American baseball player (1922–2022)

Edwin Frank Basinski (November 4, 1922 – January 8, 2022) was an American professional baseball infielder. He played in Major League Baseball for the Brooklyn Dodgers and Pittsburgh Pirates.

==Early life==
Basinski was born in Buffalo, New York, on November 4, 1922. His father, Walter, a U.S. Navy veteran, was a machinist. He graduated from East High School in Buffalo. Basinski attended the University of Buffalo where he lettered in tennis and cross country (they had no baseball team). In 1943 Basinski earned a degree in mechanical engineering and went to work for the Curtiss-Wright Company in Buffalo.

==Pro baseball==
The Brooklyn Dodgers scouted him at a 1943 semi-pro game in Buffalo and signed him to a contract that included a $5,000 signing bonus. Listed at 6 ft 1 in, 172 lb, Basinski batted and threw right-handed. He made his major league debut on May 20, 1944, on the road against the Cincinnati Reds. Starting at shortstop and batting eighth, he went 1–4, with his first hit a fifth-inning triple off Bob Katz, and later scoring on a single by Frenchy Bordagaray in a 6–1 win. He played in 39 games that year with 120 plate appearances, batting .257 with 4 doubles, a triple and 9 runs batted in.
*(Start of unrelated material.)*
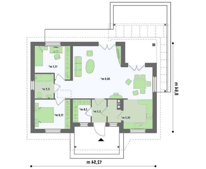 • 4M2335 Небольшой одноэтажный дом с 2-я спальнями

In 1945 he played in 108 games with 262 plate appearances, batting .262 with 9 doubles and 4 triples. When many players returned from the war in 1945, he was sent to the minor leagues. In December 1946 he was traded to the Pittsburgh Pirates. In 1947 he played in 56 games with 182 plate appearances. He batted .199 but hit the first 4 home runs of his career to go along with 33 runs batted in.

In addition to his major league career, Basinski played with six different minor league clubs between 1944 and 1959, as well as for the Patriotas de Venezuela of the Venezuelan Professional Baseball League during the 1951–1952 season. Basinski is a member of the Pacific Coast League Hall of Fame, as well as the Oregon Sports Hall of Fame in recognition of his lengthy career with the Portland Beavers—over 10 seasons. He was the oldest living former player of the Brooklyn/Los Angeles Dodgers and Pittsburgh Pirates. Following the death of Eddie Robinson in October 2021, he became the second-oldest living major leaguer, behind George Elder.

==Personal life and death==
Basinski began practicing the violin at an early age and even held a chair with the Buffalo Symphony Orchestra. His mother was a pianist. His nicknames were "The Fiddler", "Bazooka", and "The Professor" (he wore glasses). After retiring from baseball, Basinski remained in the Portland area with his wife and two sons, working for Consolidated Freightways for 31 years as an account manager. He retired in 1991 in Milwaukie, Oregon. In later life, he resided in a care facility in Gladstone, Oregon.

His son, Jeff, was a coach, athletic director and assistant principal during his 29 years with Forest Grove School District in Washington County, Oregon. Jeff died suddenly in 2011, and the Basinski Center gym was named in his honor in 2013. Basinski died at a care facility in Gladstone on January 8, 2022, at the age of 99.